Initiative Status Notes
Agent Mesh Done Complete (Phases Pre-7). Identity, protocol, transport, admission control, knowledge sharing, task delegation, distributed planning, SCN temporal coordination. mDNS + InferenceRouter deferred.
Generative Campaigns Done All stages shipped: narrative arcs, two-call narrator, planner integration, bridge-and-compress, ask_user tool, benchmark tiers, CLI simplification. 71 tests.
Embodiment Core Done All software phases shipped: SEM protocol, Cerebellum forward models, motor programs + engrams, composed failures, virtual entities. 164 tests. Hardware adapter deferred to future.
Simulation Benchmark Done All phases (0-6). Multi-model comparative testing, narrative transcriber, write-paper, Tier 3 hooks. maxim --sim benchmark --models X,Y --campaign Z
Python API Done Verb-based interface (run, imagine, connect, diagnose, observe, configure). Package: pymaxim.
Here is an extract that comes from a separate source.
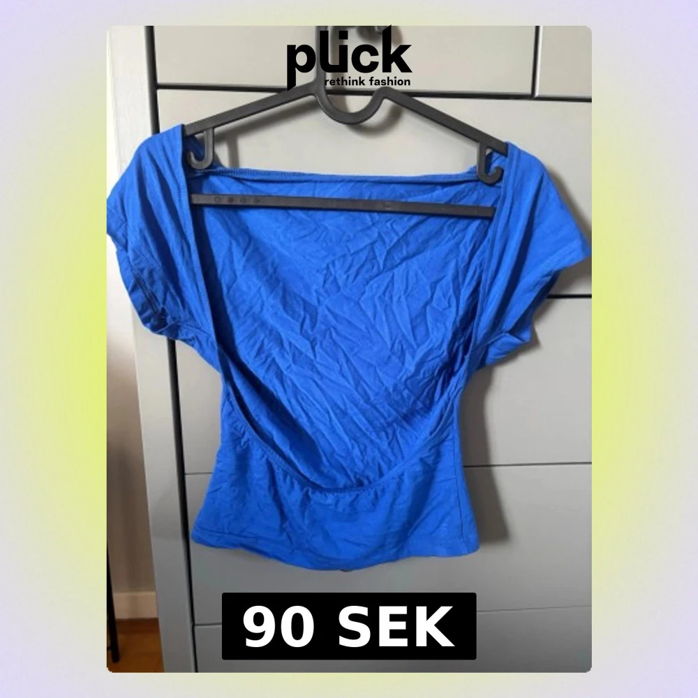 Snygg blå öppen rygg topp med korta ärmar. Toppen är figurnära och gjord i mjukt bomullsmaterial, perfekt för en trendig och avslappnad look. Enkel att matcha med både jeans och kjol.

Lane Tier Architecture Done FunctionRouter with tier routing (large/medium/small), fallback chains, auto-detection from hardware. Legacy lane names aliased.
Research Protocol Done Complete: mesh primitives, research tools, Writer + Reviewer, dual-LLM. maxim --sim research
Multi-LLM Scaling Done Complete. LeaderProxy, admission control, LaneMetrics, heartbeat, remote update.
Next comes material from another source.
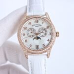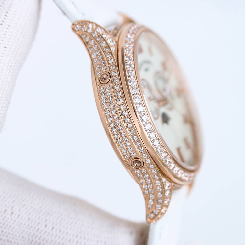 The ladies’ calendar moon phase watch combines practical calendars with elegant moon phases, and is embellished with a diamond studded case, blending the luxurious radiance of the wrist with outstanding performance. It is classic and fashionable, and beautiful beyond measure.

Tool Refactoring Done All phases: say, think, examine, introspection tools, alias map, usage tracking, proactive tool list
Introspection API Done All phases. Observer (renamed from AUTIntrospector) + standalone run_campaign() shipped
Docker Sandbox Done Phase A (TmpdirSandbox + pain triggers) + Phase B (DockerSandbox + ContainerRunner + image catalog + unprivileged user) both shipped
Bio-System Wiring Hardening Done All phases shipped. Percept abstraction (SensoryModality, SensoryTag, SensoryGate), pipeline correctness, energy→NAc metabolic cost learning, decision_rationale provenance. Archived.
Mode System Refactor Done ~1,800 LOC removed. Strategies, exploration policy, and LiveModeIntent deleted. Sleep is now a tool. Skills module folded into Cerebellum. Dead runtime modules cleaned up.
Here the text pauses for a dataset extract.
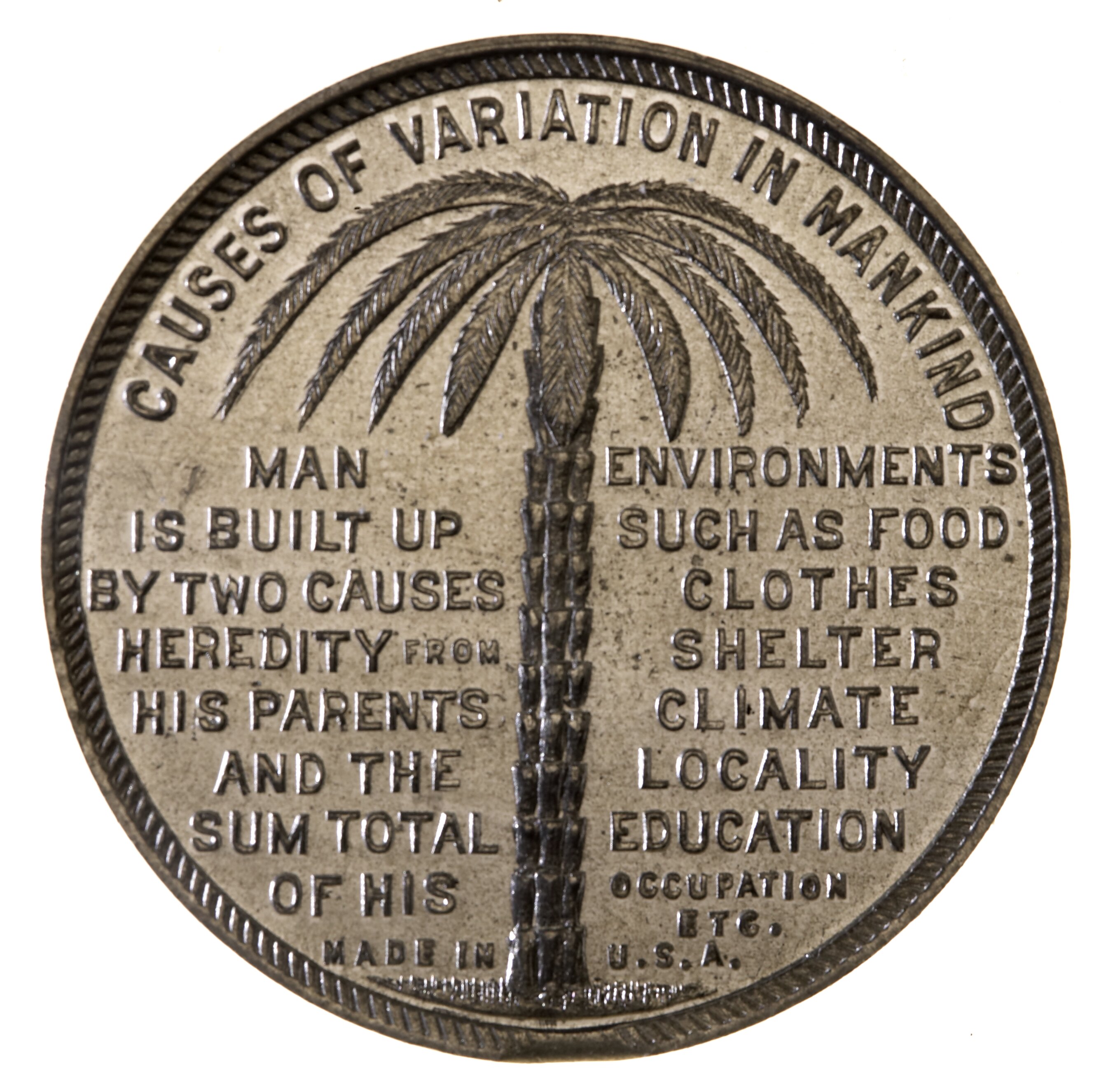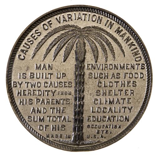 Obverse: CAUSES OF VARIATION IN MANKIND MAN / IS BUILT UP / BY TWO CAUSES / HEREDITY FROM / HIS PARENTS / AND THE / SUM TOTAL / OF HIS ENVIRONMENTS / SUCH AS / FOOD / CLOTHES / SHELTER / CLIMATE / LOCALITY / EDUCATION / OCCUPATION / ETC MADE IN U.S.A. Reverse: HIS SKIN-COLOR / IS CAUSED BY THE / SUN. HE DEGENERATES IN THE ENERVATING / TROPICS. HE EVOLVES / PHYSICALLY STRONGER / IN THE BRACING / TEMPERATE REGIONS FEDERATION OF THE / WORLD MEDALS / ISSUED / BY E.W. COLE / BOOK ARCADE MELBOURNE

DM MVP Done All 3 slices shipped: dm_schema.py, dm_runtime.py, tools_dm.py. 7 campaigns (heist, poisoned_crown, arena, darkened_cavern, kings_duel, neon_gauntlet, broken_database). ChooseTool + alias system, bio-system expectations checker, mid-campaign entity swaps.
Foundational Buildout Done Phases 0-12a: package hygiene, SEM component registry, encounter library, agent factory + pool, party DM mode, hippocampus recall, interactive runtime, generative architect, API expansion, 10 cloud providers, store protocols, security hardening. ~16K LOC, 239 tests.
API Surface Hardening Done All phases: wired stub API verbs, fixed research protocol, error handling on user-facing paths, integration tests, README overhaul. ~75 new tests.
Module Compartmentalization Done 5 god-modules decomposed: agent_loop, orchestrator, cli, router, lane_backends. 7 new focused files extracted (~1,120 LOC moved). 125 new tests. All import paths preserved.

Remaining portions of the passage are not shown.